The skyrocketing cost of health care is among the top three worries of middle-income baby boomers, according to a new survey by The Blackstone Group for Bankers Life and Casualty's Center for a Secure Retirement. The other two concerns are inflation and outliving one's money.
The survey, "Middle-Income Boomers, Financial Security and the New Retirement," examined 500 Americans aged 47 to 65 with income between $25,000 and $75,000. The survey found that 95 percent of respondents are concerned about paying for their retirement, with 80 percent particularly concerned about health care costs.
To counter the looming expenses associated with retiree health care, 64 percent have tried to limit their spending in this area, with 55 percent delaying a visit to the doctor, 26 percent postponing elective surgery and 25 percent choosing a cheaper health care plan. Furthermore, 55 percent reported spending less on such things as restaurant meals, vacations and gifts; 43 percent have reduced their credit card debt.
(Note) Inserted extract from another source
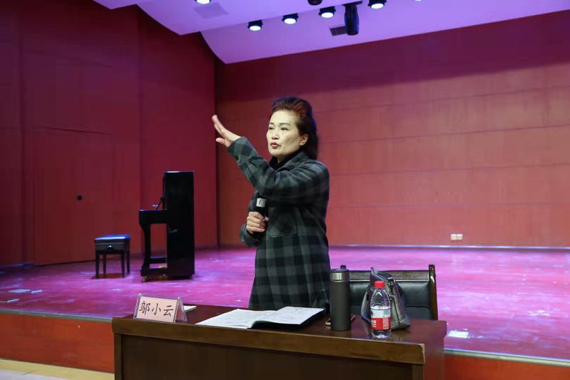 邬小云老师从什么是声乐表演的“抓手”、如何提高歌唱音乐的表达能力、如何从姊妹艺术中吸取表演元素、训练的核心——“手眼身法步”等四个方面阐述了表演的核心理念。她理论联系实际,条理清晰的讲解、把自己多年来在舞台上总结的经验毫无保留的给同学们传授,现场互动效果非常热烈。并对公司四名声乐员工从舞台表演、理解感受作品、演唱表达等各个环节进行了现场指导与示范。在实践环节,她分析示范,讲解了舞台表演“手眼身法步”对于艺术人物角色塑造的重要作用,让在场的师生获益良多。

The recent financial crisis shook many middle-income boomers, and 47 percent said the changes they have made in their financial behavior will likely become permanent. Economic uncertainty continues to be a major concern for those soon to be retired, especially middle-income women. Such women tend to worry more about paying for retirement, with concerns focusing on inflation, outliving their money and the languishing stock market.
"Adequately planning and saving for retirement now is the best defense against life's unexpected financial burdens later," said Bankers president Scott Perry. "Set a clear retirement goal with realistic expectations and remember to revisit your plan on a periodic basis."